For shale shakers, the feed to the shaker will be the circulating rate coming from the well. Mud pumps must be calibrated to provide an accurate feed rate. While drilling, move the suction from the suction tank to the slug tank and measure the rate of drop of the fluid leaving the slug pit. The fluid in the slug tank will contain liquid and gas (or air), so the volume percentage of (%vol) gas must be subtracted from the volume of fluid leaving the slug tank. The %vol gas is calculated by dividing the difference between the pressurized mud weight and the unpressurized mud weight by the pressurized mud weight and multiplying by 100. If the desilters or centrifuges are fed by centrifugal pumps, some type of flow meter will be required to accurately determine the feed rate. The flow meter could be a large container whose volume is calibrated and a stopwatch. A centrifuge underflow volume flow rate is difficult to measure because of the high concentration of solids. A barrel or other large container can be split vertically and support beams or pipes welded to provide a support when the container is placed across the top of a mud tank. Calibrated lines are painted inside of the container to provide volume measurements. A quantity of water is placed in the container and the container is positioned adjacent to a decanting centrifuge mounted on top of a mud tank. The stopwatch is started when the container is pushed under the centrifuge, and the rate of water level is observed.
The known volume between lines and the time permit calculation of the volume discard rate. Representative samples of the underflow or heavy slurry provide the density measurements of the underflow. After confirming that there is a mass and volume flow balance with the measured values, the particle sizes in the discharge streams are determined.
All of the discard stream may be captured for analysis during a period of several minutes. The contents of the feed stream during that period must be known so that the ratio of discard to feed particle mass can be determined for various particle sizes. The feed stream and retained stream for shakers and desilters, however, would require much larger containers, and it is impractical to try to weigh or measure their volumes directly. Representative samples of the retained stream must be used to determine the mass of various-size particles.
With the centrifuge and the desilters, the particle sizes must be measured with an instrument that discerns particle sizes as small as 1 micron. With the shaker measurements, sieves may be used because the cut point range will be within the range of screens standardized by the American Society for Testing and Materials (ASTM). A variety of different laboratory devices are available that measure small-diameter particles. Instruments using lasers are popular in many laboratories.
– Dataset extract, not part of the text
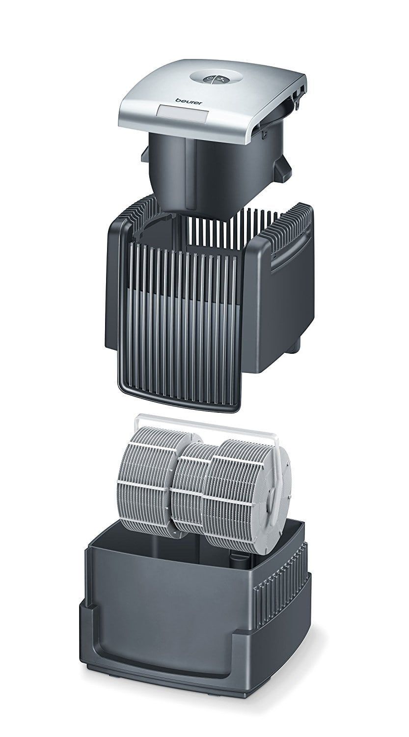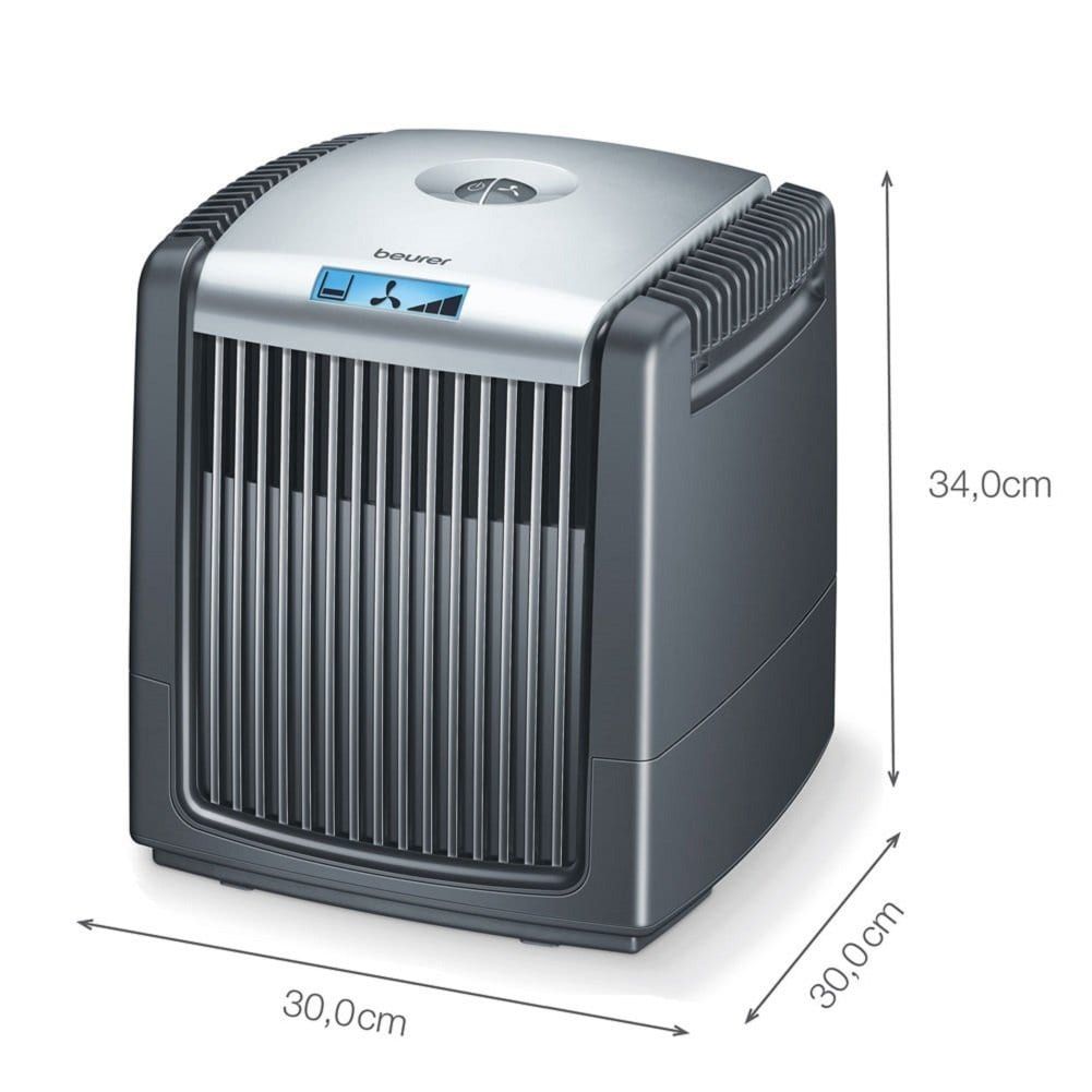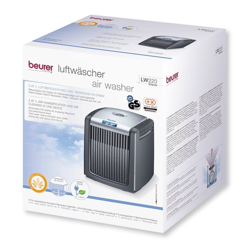 Purificador de aire Beurer LW 220 Negro Limpieza del aire :El agua lava el polvo, el polen, el pelo de animales y los olores del aire Para cuartos de hasta 40 m² Potencia 7 vatios 3 niveles de velocidad Tamaño del depósito (en litros) : aprox. 7,25

The discard sample will contain the solids and the liquid phase of the drilling fluid. With the shale shaker discard, the mass of solids retained on each ASTM test screen may be measured directly by weighing the solids after they are dried. With the desilter underflow and the centrifuge underflow (or heavy slurry) discharge, the density of the solids must be used to determine the mass percentage of solids.
Cut points for shale shakers are measured by determining the particle size distribution of the feed and discard streams with the use of a stack of U.S. Standard Sieves. The flow rate of each stream is determined, and the mass flow rate for each sieve size in each stream is calculated. The mass flow rate of the discard stream for each sieve size is divided by the mass flow rate for the same size introduced into the equipment in the feed stream.
Using this method, the feed-stream sample represents a small fraction of the total overall flow. This can create a problem with material balances. A better method is to sample the discard and underflow streams. Combining these two solids distributions will yield a more accurate cut point curve. This method can be used on solids-control equipment in which the feed-stream flow rate is greater than the discard stream.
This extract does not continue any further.